> _Work task_
Print out each entry without alteration, and keep the pictures out.

> _Records supplied_
━━━
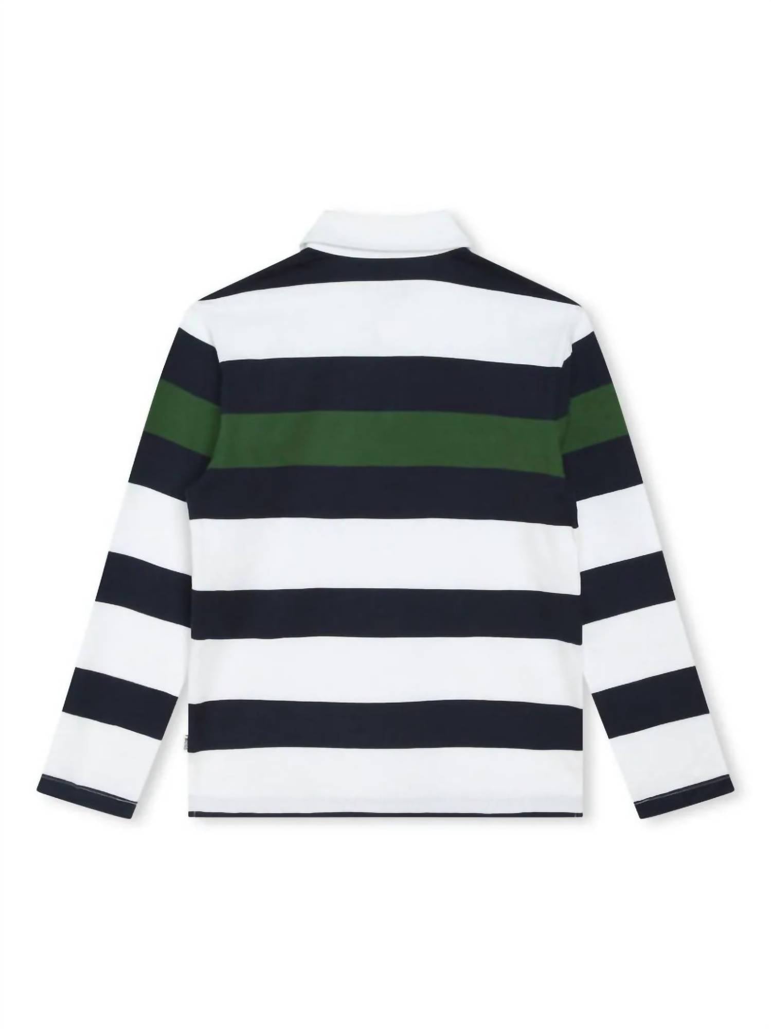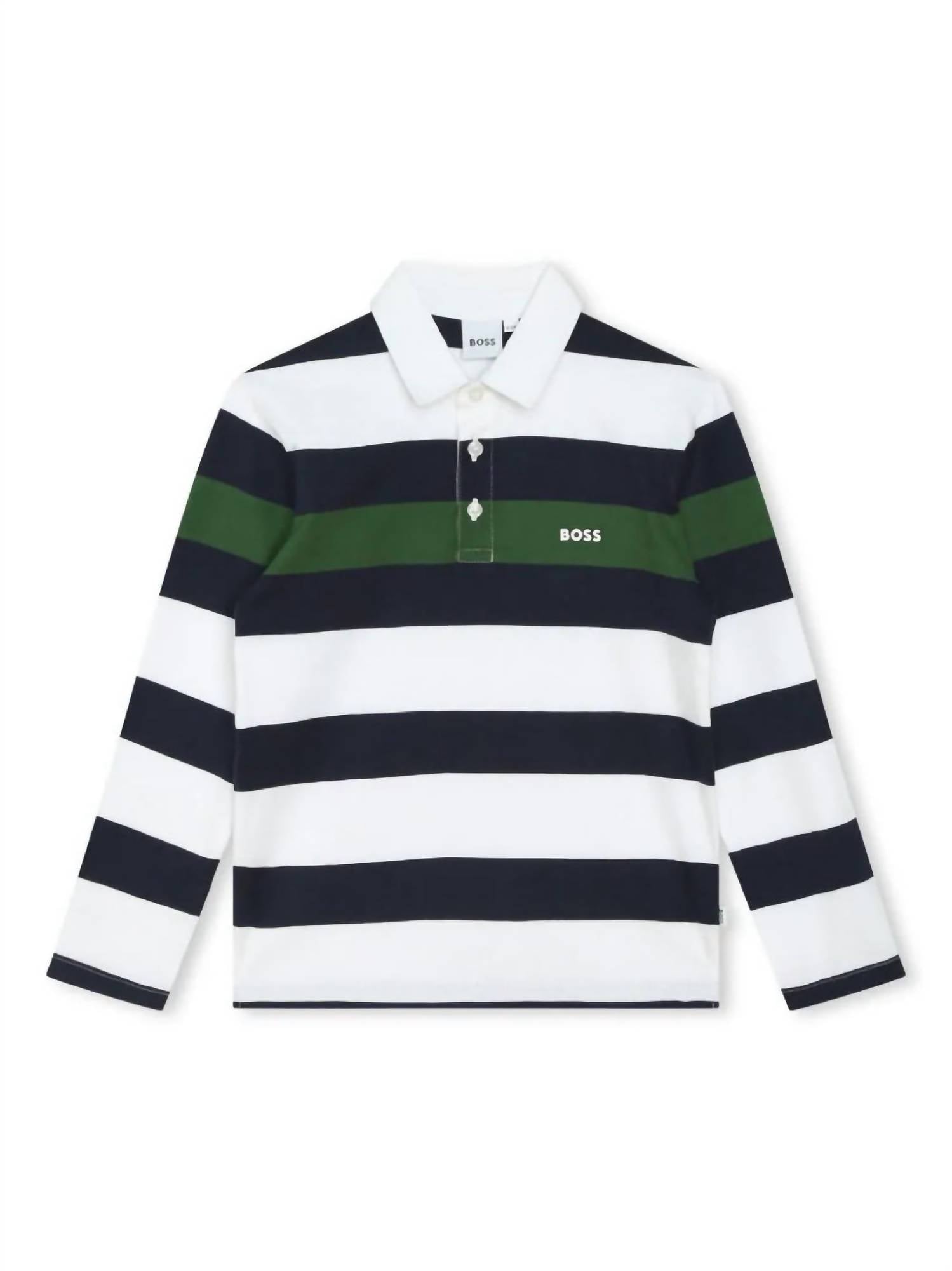 Esta blusa clássica de manga comprida apresenta um padrão listrado horizontal e uma gola estilo polo para um look casual e atemporal. Inclui uma carcela curta com botões na frente e uma discreta estampa do logotipo no peito, adicionando um toque de detalhe. Confeccionada em 100% algodão, oferece conforto macio e respirável, perfeito para o dia a dia.
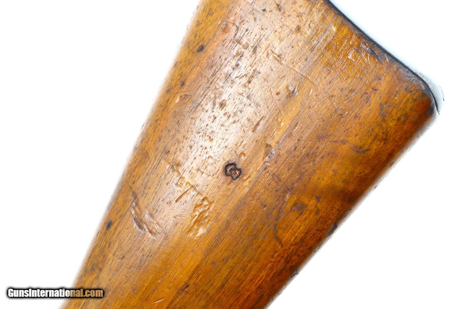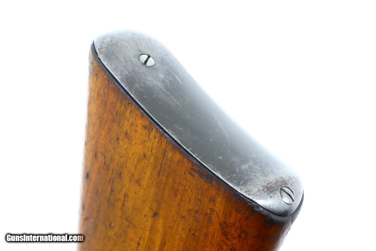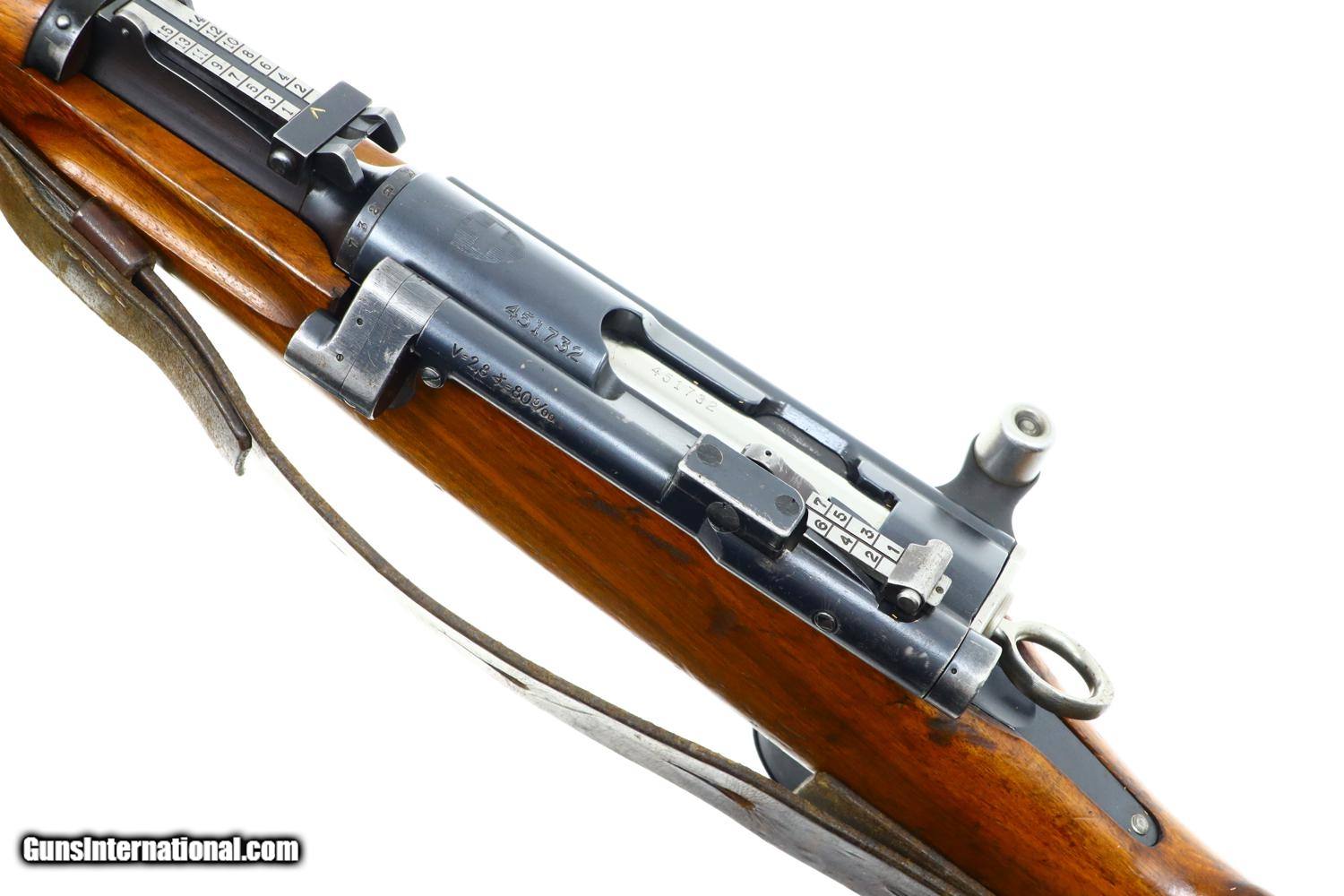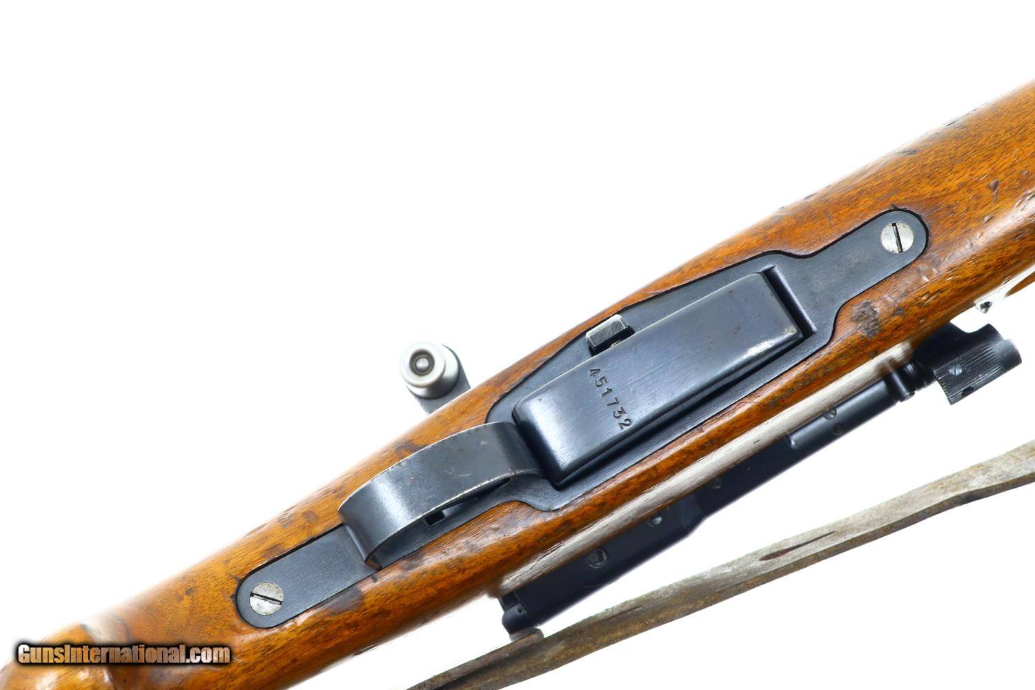 Description: Scarce Swiss Military sniper rifle, based on the K31, this the more desirable variation with the 2.8 power scope. Standard configuration sniper with full serial number on the receiver, bolt, and magazine, the last three digits repeated on the barrel. The left side of the scope marked with the power. Vertically adjustable ramp, graduated 1-7. Import markings under barrel above stacking rod. Brass muzzle cover. Correct sling dated “1946”. Synopsis: Bern, K31-43, Swiss Military Sniper Rifle, Matching, 7.5x55. Condition: VG original finish with finish wear and scattered handling marks as one might expect from a sniper rifle that has seen moderate field use. Hazy optics as typical for the K31-42 and K31-43, the reticle bar functioning properly. Comparable condition sling. Mirror bore. Perfect manual mechanics. One of the scarcest Swiss sniper rifles, much rarer than the K31-42, seldom offered for sale. ~~Insured shipping fee of $50; most packages shipped using FedEx 2nd Day.~~ SOLD Curio/Relic: Yes Manufacturer: Bern Serial Number: 451732 Caliber Info: 7.5x55 |
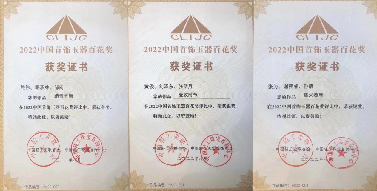 博览会期间,中国首饰玉器百花奖颁奖典礼隆重举行,中国轻工业联合会会长张崇和,党委副书记王世成,副会长何烨、刘江毅出席并为获奖者颁奖。武昌理工学院艺术设计学院工艺美术专业袁嘉骐大师教学团队斩获了金、银、铜三项大奖,熊伟、明承林、邹敏的作品《踏雪寻梅》获得金奖;黄俊、刘泽东、张明月的作品《麦收时节》获得银奖;张为、谢程睿、孙萌的作品《星火燎原》获得铜奖。
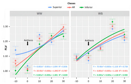 Concerning the FLV values, the superior lines had an estimated β0 of 1.04 in WW and 1.06 in WS. The maximum value was reached at 30 DAA for both WCs, with 1.24 in WW and 1.22 in WS (Figure 9). The inferior lines had β0 estimates of 1.00 in WW and 1.12 in WS (Figure 9). The maximum value was reached at 30 DAA in both WCs. All the lines together showed a β0 of 1.02 in WW and 1.09 in WS. The highest magnitudes were expressed at 30 DAA in both WCs, with values of 1.28 and 1.33 in WW and WS, respectively (Figure 9).
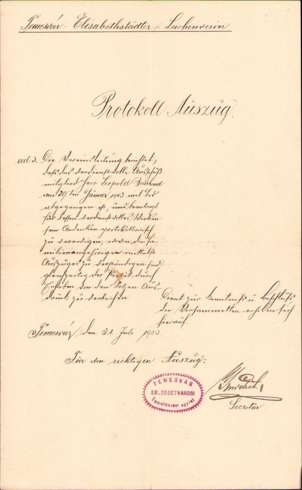 Protocol Asociațiunea Funebrală Elisabetin Timișoara, 1903
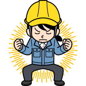 力を溜めるシンプルな現場監督の女性のイラストです。ぐぐぐぐ!!
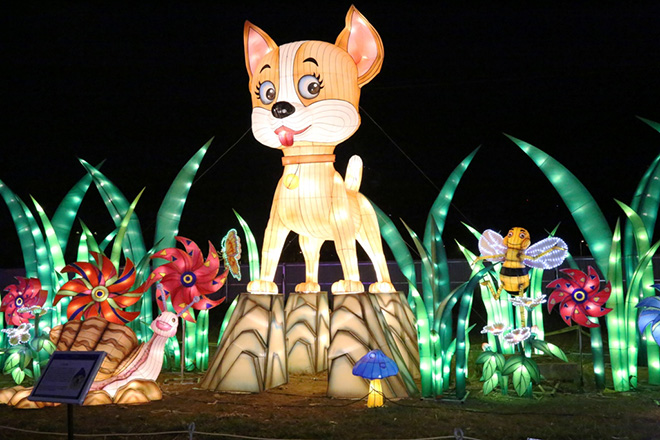 Khu vườn xanh với những mô hình côn trùng khổng lồ được thắp sáng.
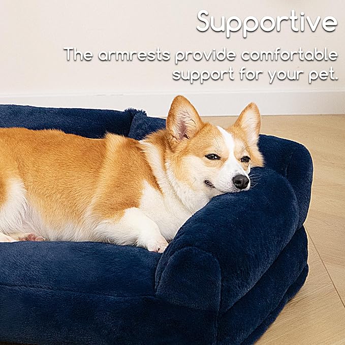 - 【Extra Comfort】Designed for pets who love to curl up, this pet sofa features raised edges that provide a sense of security and support for your pet's head and neck. It offers ultimate comfort and security, promoting a restful sleep for your furry companion
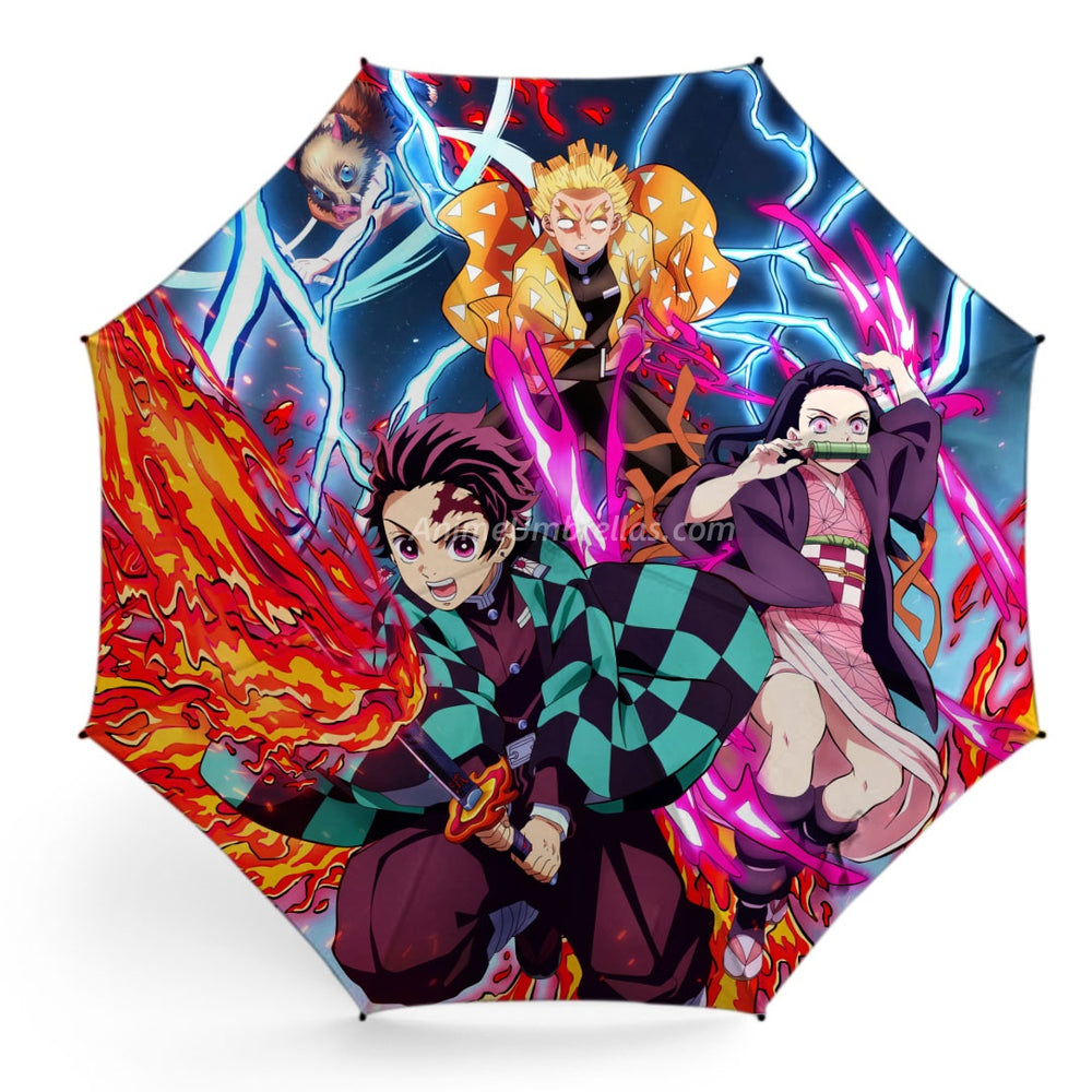 This Demon Slayer umbrella showcases Tanjiro, Nezuko, Zenitsu, and Inosuke in a colorful, action-packed scene. The vivid skill effects and explosive colors bring the intensity of battle right onto the canopy. More than just protection from rain and sun, it lets fans carry the fiery moments of the anime into daily life - turning every rainy day into a battle-charged experience.
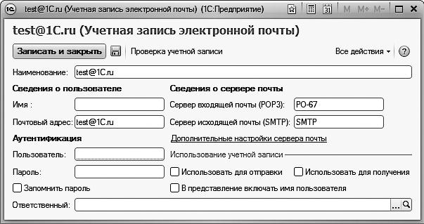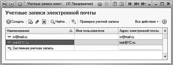 Возможности программы предусматривают ведение списка учетных записей электронной почты. Эти учетные записи необходимы при отправке сообщений по электронной почте. Стоит также отметить, что для корректной работы некоторых механизмов требуется корректная настройка системной учетной записи электронной почты.
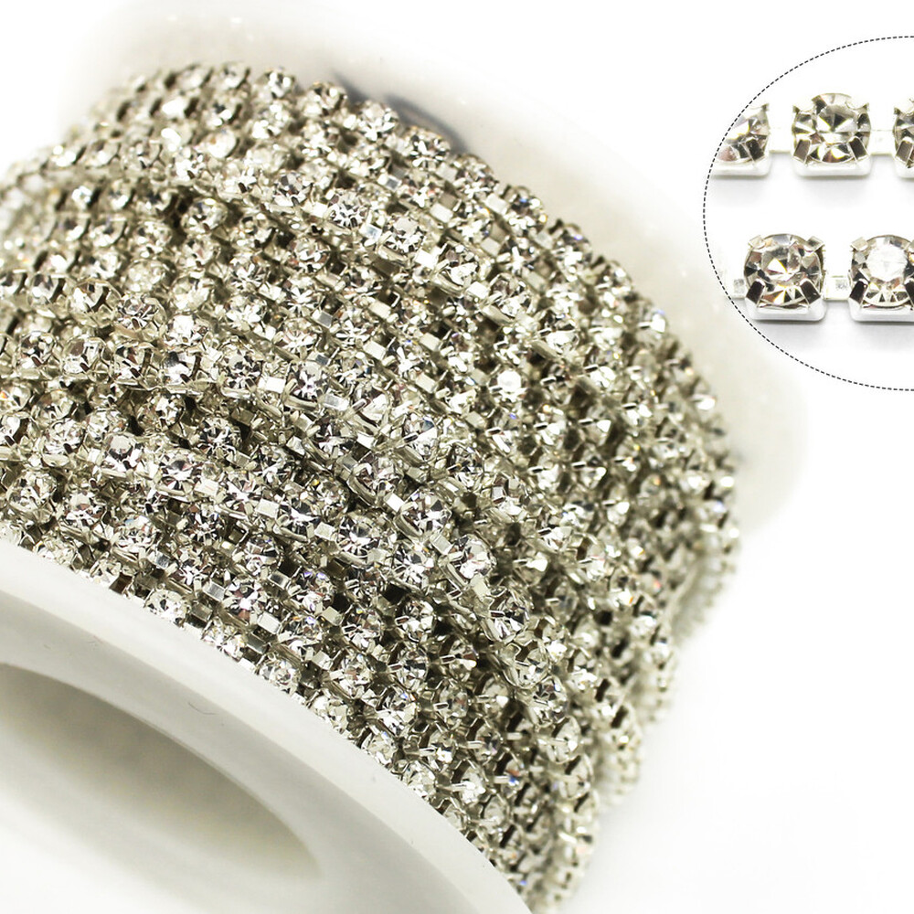 Стразовая цепь ss10 (2,8 мм) 1 м Crystal silver
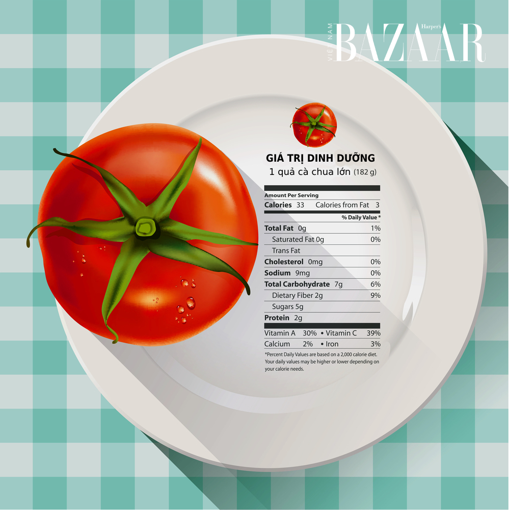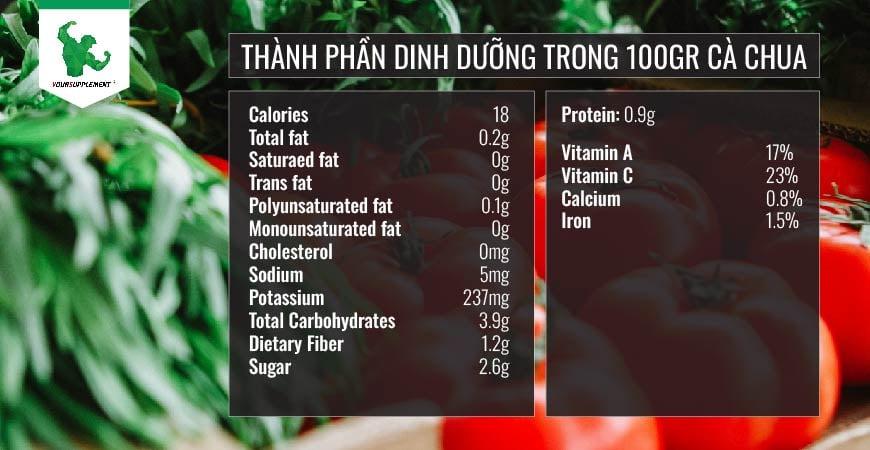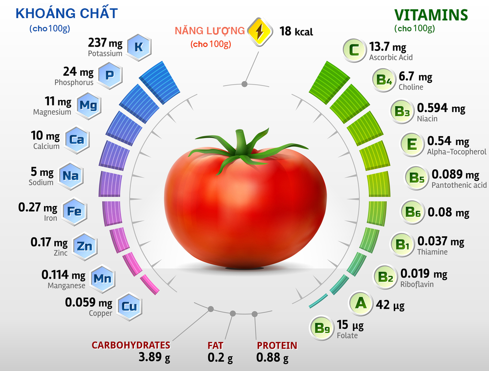 Trong 100g cà chua, bạn sẽ thấy khoảng 18 calo cùng với các chất dinh dưỡng khác, như 0,9g protein, 3,9g carbohydrate và 1,2g chất xơ. Đặc biệt, cà chua còn rất giàu vitamin A, C, và B6, giúp cải thiện sức khỏe làn da cũng như hệ miễn dịch.
━━━
> _Answer to this task_
 Esta blusa clássica de manga comprida apresenta um padrão listrado horizontal e uma gola estilo polo para um look casual e atemporal. Inclui uma carcela curta com botões na frente e uma discreta estampa do logotipo no peito, adicionando um toque de detalhe. Confeccionada em 100% algodão, oferece conforto macio e respirável, perfeito para o dia a dia.
 Description: Scarce Swiss Military sniper rifle, based on the K31, this the more desirable variation with the 2.8 power scope. Standard configuration sniper with full serial number on the receiver, bolt, and magazine, the last three digits repeated on the barrel. The left side of the scope marked with the power. Vertically adjustable ramp, graduated 1-7. Import markings under barrel above stacking rod. Brass muzzle cover. Correct sling dated “1946”. Synopsis: Bern, K31-43, Swiss Military Sniper Rifle, Matching, 7.5x55. Condition: VG original finish with finish wear and scattered handling marks as one might expect from a sniper rifle that has seen moderate field use. Hazy optics as typical for the K31-42 and K31-43, the reticle bar functioning properly. Comparable condition sling. Mirror bore. Perfect manual mechanics. One of the scarcest Swiss sniper rifles, much rarer than the K31-42, seldom offered for sale. ~~Insured shipping fee of $50; most packages shipped using FedEx 2nd Day.~~ SOLD Curio/Relic: Yes Manufacturer: Bern Serial Number: 451732 Caliber Info: 7.5x55 |
 博览会期间,中国首饰玉器百花奖颁奖典礼隆重举行,中国轻工业联合会会长张崇和,党委副书记王世成,副会长何烨、刘江毅出席并为获奖者颁奖。武昌理工学院艺术设计学院工艺美术专业袁嘉骐大师教学团队斩获了金、银、铜三项大奖,熊伟、明承林、邹敏的作品《踏雪寻梅》获得金奖;黄俊、刘泽东、张明月的作品《麦收时节》获得银奖;张为、谢程睿、孙萌的作品《星火燎原》获得铜奖。
 Concerning the FLV values, the superior lines had an estimated β0 of 1.04 in WW and 1.06 in WS. The maximum value was reached at 30 DAA for both WCs, with 1.24 in WW and 1.22 in WS (Figure 9). The inferior lines had β0 estimates of 1.00 in WW and 1.12 in WS (Figure 9). The maximum value was reached at 30 DAA in both WCs. All the lines together showed a β0 of 1.02 in WW and 1.09 in WS. The highest magnitudes were expressed at 30 DAA in both WCs, with values of 1.28 and 1.33 in WW and WS, respectively (Figure 9).
 Protocol Asociațiunea Funebrală Elisabetin Timișoara, 1903
 力を溜めるシンプルな現場監督の女性のイラストです。ぐぐぐぐ!!
 Khu vườn xanh với những mô hình côn trùng khổng lồ được thắp sáng.
 - 【Extra Comfort】Designed for pets who love to curl up, this pet sofa features raised edges that provide a sense of security and support for your pet's head and neck. It offers ultimate comfort and security, promoting a restful sleep for your furry companion
 This Demon Slayer umbrella showcases Tanjiro, Nezuko, Zenitsu, and Inosuke in a colorful, action-packed scene. The vivid skill effects and explosive colors bring the intensity of battle right onto the canopy. More than just protection from rain and sun, it lets fans carry the fiery moments of the anime into daily life - turning every rainy day into a battle-charged experience.
 Возможности программы предусматривают ведение списка учетных записей электронной почты. Эти учетные записи необходимы при отправке сообщений по электронной почте. Стоит также отметить, что для корректной работы некоторых механизмов требуется корректная настройка системной учетной записи электронной почты.
 Стразовая цепь ss10 (2,8 мм) 1 м Crystal silver
 Trong 100g cà chua, bạn sẽ thấy khoảng 18 calo cùng với các chất dinh dưỡng khác, như 0,9g protein, 3,9g carbohydrate và 1,2g chất xơ. Đặc biệt, cà chua còn rất giàu vitamin A, C, và B6, giúp cải thiện sức khỏe làn da cũng như hệ miễn dịch.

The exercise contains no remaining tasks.